Banque de France deputy governor Denis Beau called for a private-sector tokenized euro to start in 2025, ahead of the ECB’s digital-euro pilots set for mid-2027.

Denis Beau, deputy governor of the Banque de France, urged a private-sector tokenized euro to be launched in 2025 and asked regulators and firms to work together on pan‑European tokenized payment infrastructure.

Beau requested changes to the EU’s Markets in Crypto-Assets (MiCA) rules to speed deployment. The Banque de France plans to offer a wholesale tokenized money service by the end of 2025. Separately, a private consortium of 12 banks called Qivalis, including ING and BNP Paribas, has plans for a private digital-euro product in 2025.

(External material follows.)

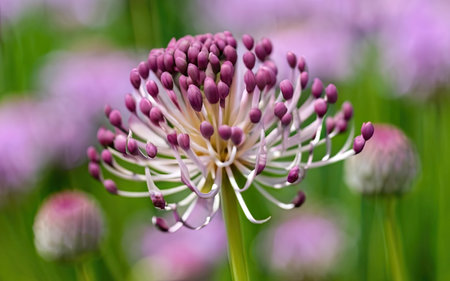 Ornamental onion also called german garlic , mountain garlic or allium , a globose flower with pale purple florets ,out of focus background

The European Central Bank’s digital-euro project is on a different schedule. The ECB reached a provider selection stage in October 2025 and has scheduled pilots of a central-bank digital currency for mid-2027. ECB President Christine Lagarde has emphasized that a central-bank digital currency should be the priority and has described private stablecoins as secondary.

Beau argued that euro-denominated tokenized money should arrive faster because dollar-denominated stablecoins, mainly USDT and USDC, dominate global markets. He framed his proposal as a way to increase Europe’s payment options and reduce reliance on non‑European stablecoin issuers and payment rails.

Tokenized money are digital representations of fiat currency recorded on distributed ledgers or similar technology. Stablecoins are tokens designed to keep a stable value relative to a currency and are often backed by reserves. A central-bank digital currency, or CBDC, is a digital form of a currency issued directly by a central bank. Wholesale tokenized money targets interbank and large-value transactions; retail solutions would support everyday consumer payments.

The Banque de France has run tokenization experiments in recent years. Observers within regulators and market participants have noted that operating tokenized instruments at scale would require more detailed rules under MiCA to address cross-border use, issuer responsibilities and infrastructure standards.

European authorities and financial institutions now face parallel timelines: industry-led tokenized euro initiatives and a central-bank digital-euro pilot. The differing schedules present questions about regulatory adjustments, technical integration and who would operate euro-denominated tokenized payment services.